16 Bizarre Phantom Islands Appearing on Modern Maps

By Jaycee Gudoy | Published

Related:
15 Unwritten Social Codes That Keep the World From Falling Apart

Phantom islands are the cartographic equivalent of ghosts — places that appear on maps but don’t exist in reality. These mysterious landmasses have haunted navigators for centuries, born from everything from optical illusions and wishful thinking to outright hoaxes.

What’s truly remarkable is how many of these non-existent islands managed to appear on modern maps, sometimes persisting for decades before anyone bothered to check if they were actually there.

The digital age should have eliminated these geographical phantoms, but satellite imagery and GPS technology haven’t stopped phantom islands from materializing on contemporary charts. Some were honest mistakes amplified by copying between map publishers.

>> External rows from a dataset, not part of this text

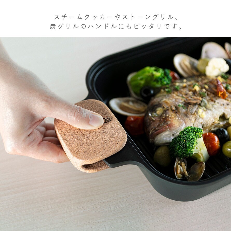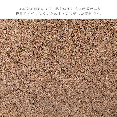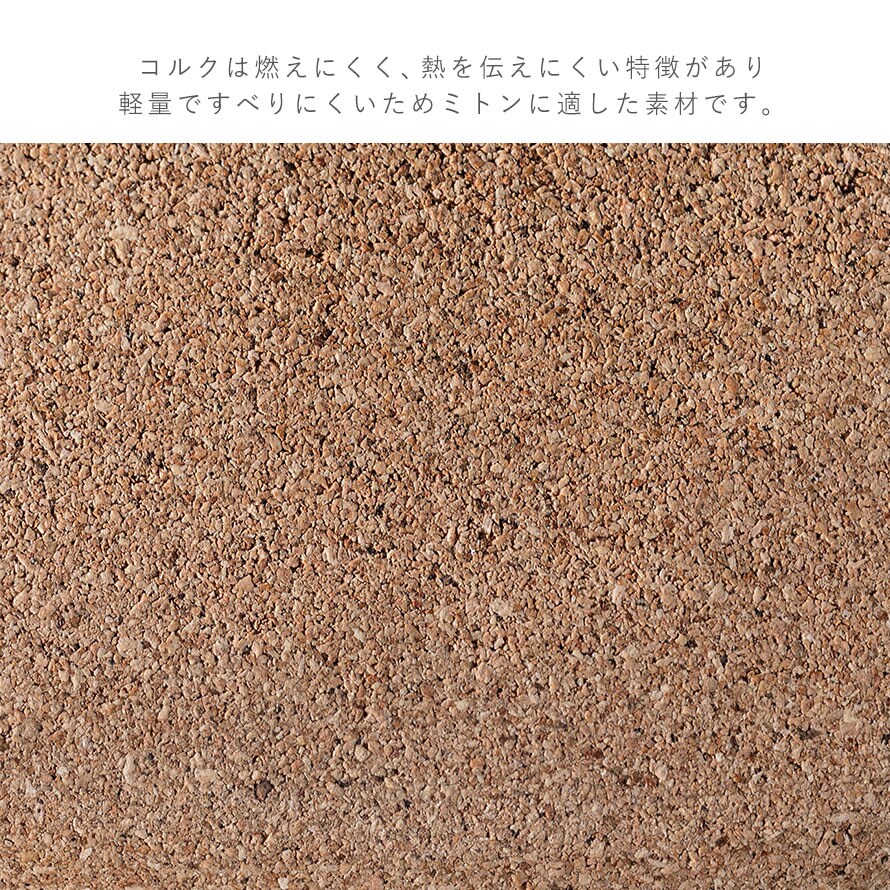 コルクは燃えにくく、熱を伝えにくい特徴があり軽量ですべりにくいためミトンに適した素材です。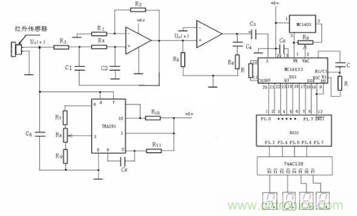 按照上述設計原理,設計的二氧化碳檢測電路如圖3suoshi。gongzuoyuanlishishouxianyouhongwaichuanganqijiangtancedaoeryanghuatanqitidenongdubingzhuanhuanchengdianxinhao,lvbodianlutiqudianxinhaobingshuchudaofangdadianlu,jingguodanpianjixitongchulihoushuchu,zaiyou74AC138送入顯示電路,以實現對二氧化碳氣體濃度的檢測。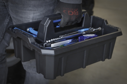 offener Tragekasten mit zwei großen Einzelfächern zum Transport von Werkzeugen und Kleinteilen

A few remain unexplained to this day.

Sandy Island

DepositPhotos

This phantom island appeared on maps between New Caledonia and Australia for over a century. Google Earth showed it. Marine charts marked its position.

The problem? When a research vessel sailed to its coordinates in 2012, they found nothing but open ocean 1,400 meters deep.

Sandy Island had been living a double life on digital maps since at least 2000, appearing as a black polygon on Google Maps and Google Earth. The Times Atlas included it in their comprehensive world atlas. National Geographic referenced it.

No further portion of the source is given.